Let us get an overview of replication factor - another important building block of HDFS.
* While blocksize drives distribution of large files, replication factor drives reliability of the blocks.
* If we only have one copy of each block for a given file and if the node goes down, then the data in the files is not readable.
* HDFS replication mitigates this by maintaining multiple copies of each block.
* Keep in mind that the default replication factor is **3** unless we override it.

In [None]:
%%sh

hdfs dfs -ls -h /public/retail_db/orders

In [None]:
%%sh

hdfs fsck /public/retail_db/orders/part-00000 \
    -files \
    -blocks \
    -locations

* As part of our lab cluster we maintain 2 copies of each block.* In production implementations, typically we have 3 copies with rack awareness enabled.
* The default replication factor is 3 and it is set as part of hdfs-site.xml.
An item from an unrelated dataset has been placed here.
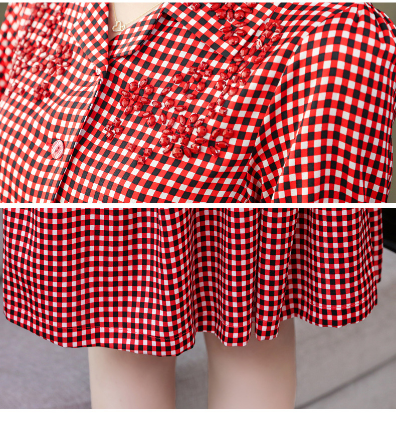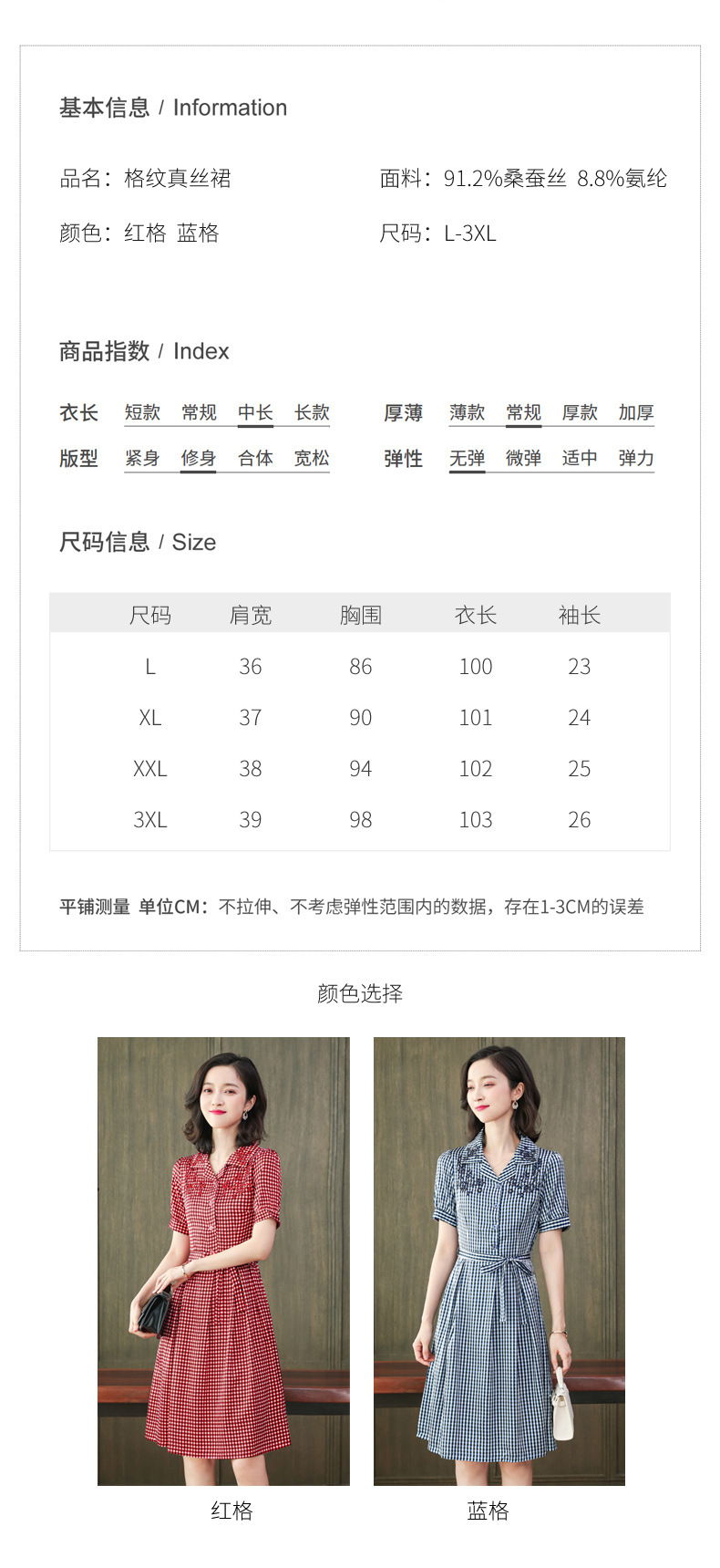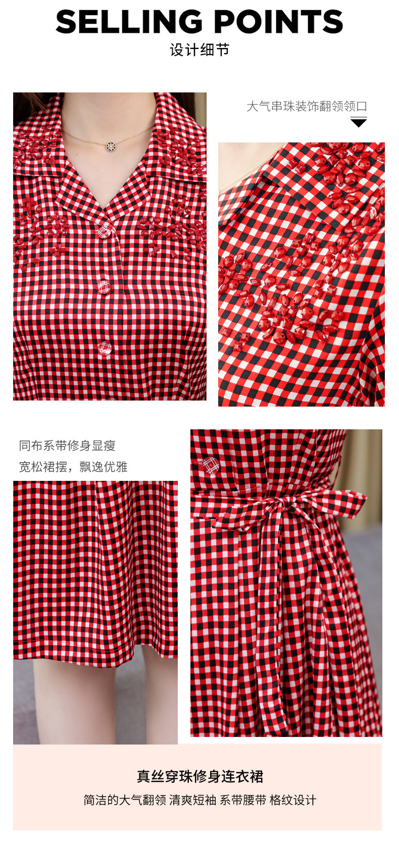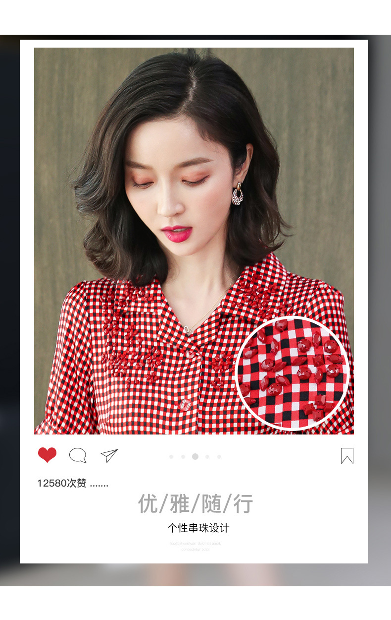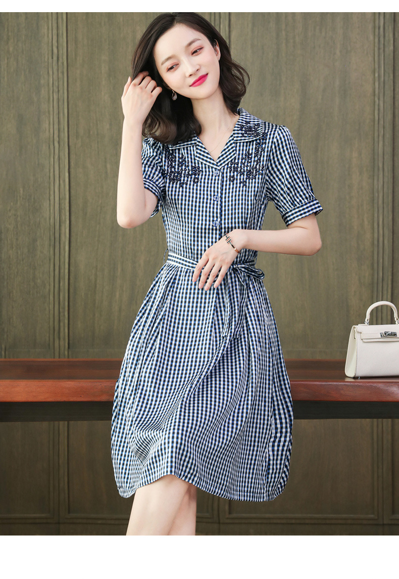 上海旗袍厂ASE-L8891 时尚格子系带真丝连衣裙

In our case we have overridden to save the storage.
* The property name is `dfs.replication`.
* If the file size is smaller than default blocksize (128 MB), then there will be only one block as per the size of the file.
* In a typical configuration with n replication factor, there will not any down time even if n - 1 nodes go down in the cluster.
* If replication factor is 3, cluster will be stable even if 2 of the nodes goes down in a cluster.

In [None]:
%%sh

grep -B 1 -A 3 replication /etc/hadoop/conf/hdfs-site.xml

* Let us determine overall size occupied by `/data/retail_db/orders/part-00000` when it is copied to HDFS.
* It occupies 5.8 MB storage in HDFS (as our replication factor is 2).

In [None]:
%%sh

ls -lhtr /data/retail_db/orders/part-00000

In [None]:
%%sh

hdfs dfs -help stat

In [None]:
%%sh

hdfs dfs -stat %r /user/${USER}/retail_db/orders/part-00000

In [None]:
%%sh

hdfs dfs -stat %o /user/${USER}/retail_db/orders/part-00000

In [None]:
%%sh

hdfs dfs -stat %b /user/${USER}/retail_db/orders/part-00000

In [None]:
%%sh

hdfs dfs -ls -h /user/${USER}/retail_db/orders/part-00000

* It occupies 4.8 GB storage in HDFS as our replication factor is 2.

In [None]:
%%sh

ls -lhtr /data/yelp-dataset-json/yelp_academic_dataset_user.json

* We can validate properties of the file using `stat` command. The file is available in HDFS under `/public/yelp-dataset-json/yelp_academic_dataset_user.json`.

In [None]:
%%sh

hdfs fsck /public/yelp-dataset-json/yelp_academic_dataset_user.json \
    -files \
    -blocks \
    -locations